Just like our own excitement about our project, funders are drawn to ventures that are bold, incite imagination and action AND have a solid plan in that they meet all the prerequisite criteria - well researched, organized, leveraged, accountable, dependable, replicable, achievable, strategic, timely, meets needs, mandates and criteria… the foundational structure of good proposals and projects.

All too often though funding asks are developed without enough emphasis on the bold vision part of the equation. When Martin Luther King stood at the podium on that day in Washington with millions listening he didn’t boldly declare, “I have a Plan!” He had a DREAM.

Understanding that there is no shortage of funds for bold and organized projects can be a very liberating and exciting aspect of fund raising, moving it out of the scary and into the fun and creative arenas. This widening of our understanding must also extend to a widening of identifying sources of funding. All too often we first turn to traditional environmental, conservation and education sources for project support that quickly get over-subscribed and reduce our chance of success.

Go lateral. Try to visualize, draw, dream and brainstorm about the way your venture connects to non-traditional audiences and potential support sources. Current projects in the Columbia Valley Botanical Gardens and Centre for Sustainable Living for example enjoy the support of health organizations, a high end restraunteur and golf resort, a community foundation created by a major ski hill, senior’s service providers and food security advocates.

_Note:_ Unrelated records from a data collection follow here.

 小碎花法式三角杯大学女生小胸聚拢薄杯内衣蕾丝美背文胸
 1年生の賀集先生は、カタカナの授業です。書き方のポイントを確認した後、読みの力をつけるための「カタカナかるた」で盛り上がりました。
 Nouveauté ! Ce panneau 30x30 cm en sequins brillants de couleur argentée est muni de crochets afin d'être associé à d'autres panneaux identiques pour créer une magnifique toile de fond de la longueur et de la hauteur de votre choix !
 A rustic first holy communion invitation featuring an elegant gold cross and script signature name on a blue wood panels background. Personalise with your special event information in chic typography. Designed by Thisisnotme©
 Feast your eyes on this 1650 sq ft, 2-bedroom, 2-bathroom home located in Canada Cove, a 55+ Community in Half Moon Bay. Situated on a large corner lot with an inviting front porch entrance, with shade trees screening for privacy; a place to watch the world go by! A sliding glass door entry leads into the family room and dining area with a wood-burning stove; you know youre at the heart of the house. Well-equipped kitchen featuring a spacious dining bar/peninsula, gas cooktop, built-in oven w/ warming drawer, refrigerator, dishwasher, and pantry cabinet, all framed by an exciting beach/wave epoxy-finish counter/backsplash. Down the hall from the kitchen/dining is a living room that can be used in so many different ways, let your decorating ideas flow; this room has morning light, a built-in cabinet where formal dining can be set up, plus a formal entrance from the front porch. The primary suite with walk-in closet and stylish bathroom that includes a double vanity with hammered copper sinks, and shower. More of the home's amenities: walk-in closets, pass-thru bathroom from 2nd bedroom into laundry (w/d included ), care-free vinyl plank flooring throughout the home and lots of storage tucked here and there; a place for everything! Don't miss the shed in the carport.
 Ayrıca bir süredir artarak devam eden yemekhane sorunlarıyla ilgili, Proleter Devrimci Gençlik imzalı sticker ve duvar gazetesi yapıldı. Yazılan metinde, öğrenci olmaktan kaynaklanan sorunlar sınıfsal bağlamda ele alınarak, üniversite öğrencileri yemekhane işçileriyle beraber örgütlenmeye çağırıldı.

At first glance these supporters may not appear to have strong connections to plants and biodiversity but of course they do and it is a strong element in most Botanical Garden’s mission and goals that we are all dependent on the plant world. In fund raising as in education programs, it is our role as fund raisers to enter into conversations with these ‘non-traditional’ audiences and develop the relationships that reveal the connections and open them to supporting our good work.

“Vision without action is merely a dream, Action without vision is a poor use of time, Vision with action can change the world.”
-Joel Barker

3) Build Relationships, Projects will Follow Good speakers are often also good listeners. If we seek to gain the support of individuals and organizations we must begin with understanding their values and needs before proceeding to asking for their support.

In his To the Heart of the Matter funding workshop, Tim Maloney of the Land Conservancy of British Columbia stresses, “people fund people, not projects.” This statement speaks to the need for relationship building as a fundamental requirement of successful fund raising. Professionalism, integrity and honesty should immediately come into play in the growth and development of these relationships in order to create the environment of trust that results in both the asker and the giver gaining from the experience.

“The process of asking should be one in which the asker feels the pride of inviting investment and in which the donor feels not pressure, but release.”
-Tim Maloney

The skills and strategies required for successful fund raising change with the type of fund raising being undertaken. Large asks require that we put as much as 95% of our effort into the preparation, relationship building, and only 5% in the actual asking. Smaller and annual funding asks requires the greater investment of effort in the asking.

Training in fund raising can help us attain skills and strategies more quickly and also builds confidence and contacts with others in the world of fund raising. The Funding Training and Resources section lists sources of training opportunities for you to consider. Invest in this training and it will return the dividends you and your organization require.